Say you want 70 percent of your assets earmarked for your children, but the state mandates that your spouse receive 50 percent of your estate - you can use the prenuptial to address the problem. Use the prenuptial to
earmark which assets (and debts) are yours, and which belong to your future spouse. It's important to note that rights to retirement plan assets can only be waived after marriage - not in a prenuptial agreement.
A will, which provides wise financial planning and family protection for anyone, becomes even more critical in the case of the blended family. Be sure your will clearly establishes your goals - it's also a good idea to make sure that everyone concerned knows what your plans are. Remember that children who feel slighted may well challenge your will after your death.
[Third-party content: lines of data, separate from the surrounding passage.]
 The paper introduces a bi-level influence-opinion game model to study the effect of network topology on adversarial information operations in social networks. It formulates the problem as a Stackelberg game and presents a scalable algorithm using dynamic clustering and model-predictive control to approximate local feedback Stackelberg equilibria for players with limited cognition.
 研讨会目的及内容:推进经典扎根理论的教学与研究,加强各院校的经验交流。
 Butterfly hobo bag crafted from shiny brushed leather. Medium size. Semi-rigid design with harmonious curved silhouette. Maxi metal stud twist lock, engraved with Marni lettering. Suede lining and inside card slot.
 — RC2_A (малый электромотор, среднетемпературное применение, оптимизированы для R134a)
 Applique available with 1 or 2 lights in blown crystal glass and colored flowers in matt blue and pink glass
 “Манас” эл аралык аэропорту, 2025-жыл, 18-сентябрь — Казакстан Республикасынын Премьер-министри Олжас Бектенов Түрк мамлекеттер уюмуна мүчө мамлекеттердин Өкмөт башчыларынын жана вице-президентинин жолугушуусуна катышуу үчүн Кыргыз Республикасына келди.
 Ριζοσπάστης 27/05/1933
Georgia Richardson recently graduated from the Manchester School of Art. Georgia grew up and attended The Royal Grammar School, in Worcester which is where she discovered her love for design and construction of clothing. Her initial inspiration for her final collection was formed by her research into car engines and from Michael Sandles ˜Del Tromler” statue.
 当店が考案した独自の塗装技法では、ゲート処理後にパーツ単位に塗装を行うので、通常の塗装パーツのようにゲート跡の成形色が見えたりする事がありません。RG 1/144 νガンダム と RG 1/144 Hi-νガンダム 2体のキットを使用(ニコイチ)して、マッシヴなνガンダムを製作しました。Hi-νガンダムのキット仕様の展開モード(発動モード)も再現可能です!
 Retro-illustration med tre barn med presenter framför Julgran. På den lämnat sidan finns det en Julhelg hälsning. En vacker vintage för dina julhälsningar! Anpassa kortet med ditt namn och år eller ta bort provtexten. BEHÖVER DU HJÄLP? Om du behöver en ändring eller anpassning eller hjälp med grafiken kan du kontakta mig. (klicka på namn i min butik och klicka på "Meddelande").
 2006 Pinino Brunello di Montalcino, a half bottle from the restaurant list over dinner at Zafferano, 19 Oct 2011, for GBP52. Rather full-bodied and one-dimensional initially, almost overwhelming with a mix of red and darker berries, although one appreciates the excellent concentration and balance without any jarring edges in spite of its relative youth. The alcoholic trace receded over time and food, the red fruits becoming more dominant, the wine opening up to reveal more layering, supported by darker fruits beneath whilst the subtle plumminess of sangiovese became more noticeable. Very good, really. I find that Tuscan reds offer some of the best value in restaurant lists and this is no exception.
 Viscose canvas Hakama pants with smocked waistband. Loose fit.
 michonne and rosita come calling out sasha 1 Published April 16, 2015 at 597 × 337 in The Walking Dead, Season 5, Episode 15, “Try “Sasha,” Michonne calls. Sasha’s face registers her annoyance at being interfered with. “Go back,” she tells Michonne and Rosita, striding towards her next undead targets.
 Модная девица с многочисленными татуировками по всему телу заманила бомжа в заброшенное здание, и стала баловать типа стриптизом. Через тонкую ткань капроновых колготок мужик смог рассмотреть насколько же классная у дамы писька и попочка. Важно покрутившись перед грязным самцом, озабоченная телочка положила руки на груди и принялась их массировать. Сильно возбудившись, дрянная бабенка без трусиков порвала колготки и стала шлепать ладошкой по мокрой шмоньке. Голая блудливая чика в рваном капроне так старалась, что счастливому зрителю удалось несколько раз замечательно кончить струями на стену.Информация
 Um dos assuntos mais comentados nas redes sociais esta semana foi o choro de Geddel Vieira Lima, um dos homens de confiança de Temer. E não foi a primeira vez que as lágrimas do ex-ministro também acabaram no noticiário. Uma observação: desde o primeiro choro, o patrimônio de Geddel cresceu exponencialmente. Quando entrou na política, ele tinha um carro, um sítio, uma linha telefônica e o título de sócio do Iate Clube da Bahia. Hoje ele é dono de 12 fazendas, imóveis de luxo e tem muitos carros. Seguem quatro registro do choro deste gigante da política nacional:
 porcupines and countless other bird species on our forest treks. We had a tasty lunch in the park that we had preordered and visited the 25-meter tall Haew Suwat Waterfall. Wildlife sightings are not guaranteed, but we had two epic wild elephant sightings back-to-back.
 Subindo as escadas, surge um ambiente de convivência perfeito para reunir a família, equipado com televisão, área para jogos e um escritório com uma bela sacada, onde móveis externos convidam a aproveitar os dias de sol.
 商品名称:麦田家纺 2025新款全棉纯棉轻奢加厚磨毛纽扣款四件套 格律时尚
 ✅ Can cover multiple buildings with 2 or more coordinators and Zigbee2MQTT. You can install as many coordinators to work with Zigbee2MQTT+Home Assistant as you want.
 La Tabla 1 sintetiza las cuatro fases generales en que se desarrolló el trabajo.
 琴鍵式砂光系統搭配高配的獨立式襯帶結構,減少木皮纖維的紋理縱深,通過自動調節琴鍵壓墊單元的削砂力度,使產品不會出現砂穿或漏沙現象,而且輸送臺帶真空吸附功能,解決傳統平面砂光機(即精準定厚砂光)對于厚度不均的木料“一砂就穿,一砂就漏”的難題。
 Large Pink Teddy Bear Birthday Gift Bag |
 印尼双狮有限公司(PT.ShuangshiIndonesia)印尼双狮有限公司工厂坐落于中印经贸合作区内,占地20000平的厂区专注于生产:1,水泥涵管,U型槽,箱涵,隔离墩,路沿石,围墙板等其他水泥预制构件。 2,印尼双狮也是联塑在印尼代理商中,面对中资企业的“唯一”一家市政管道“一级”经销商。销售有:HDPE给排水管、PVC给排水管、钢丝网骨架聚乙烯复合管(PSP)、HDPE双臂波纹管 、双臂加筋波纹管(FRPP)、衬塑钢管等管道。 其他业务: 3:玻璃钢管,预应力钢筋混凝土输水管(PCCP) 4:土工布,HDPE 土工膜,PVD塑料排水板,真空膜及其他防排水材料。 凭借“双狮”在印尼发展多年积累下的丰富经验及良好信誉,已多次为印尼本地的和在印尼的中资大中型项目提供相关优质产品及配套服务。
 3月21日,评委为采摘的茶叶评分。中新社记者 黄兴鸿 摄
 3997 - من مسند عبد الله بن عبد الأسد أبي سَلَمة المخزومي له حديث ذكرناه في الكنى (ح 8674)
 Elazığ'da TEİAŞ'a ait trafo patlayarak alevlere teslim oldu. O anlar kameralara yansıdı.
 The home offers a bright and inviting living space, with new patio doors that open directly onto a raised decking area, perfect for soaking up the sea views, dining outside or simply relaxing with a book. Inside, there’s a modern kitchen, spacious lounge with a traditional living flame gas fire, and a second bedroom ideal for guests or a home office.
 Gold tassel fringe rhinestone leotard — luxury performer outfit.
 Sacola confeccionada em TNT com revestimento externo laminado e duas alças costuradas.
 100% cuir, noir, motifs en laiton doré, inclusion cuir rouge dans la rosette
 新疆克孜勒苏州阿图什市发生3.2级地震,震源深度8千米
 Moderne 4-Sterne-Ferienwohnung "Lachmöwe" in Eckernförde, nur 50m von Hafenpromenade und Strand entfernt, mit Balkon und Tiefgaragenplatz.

Conversely, if you want your
stepchildren - who may have no legal rights to your estate - to inherit, you can use your will to spell out those wishes.
Trusts provide another way to dictate the disposition of your assets
by allowing you to convey gifts and inheritances - to whomever you choose - now or in the future. They also allow you to attach strings to how the money is used and managed. For example you can establish a trust to make sure your
ex-spouse, who may have custodial rights - will not have access to your estate. Or, to make sure your children eventually inherit your home, but that your current spouse will be able to live in it for his or her lifetime.
You'll need help in developing a prenuptial agreement, establishing a trust - and even in writing a will, especially if your family situation is complicated. Friends and colleagues with similar family
circumstances may be able to provide references, of you can write to the American College of Trust and Estate Counsel (3415 S. Sepulveda Blvd., Ste. 460, Los Angeles, CA 90034) for a list of experienced trust and estate attorneys in your state. A financial planner can also help you explore your options, and how to use financial vehicles - life insurance, annuities, IRAs, mutual funds - to both build your estate and (in many cases) protect it from taxes.
While Estate Planning isn't an easy subject in the best of circumstances, and can become downright difficult in the case of the
blended family - it's too important to ignore. Protecting your family - however you define it - the way you think is most appropriate should be one of your first financial priorities.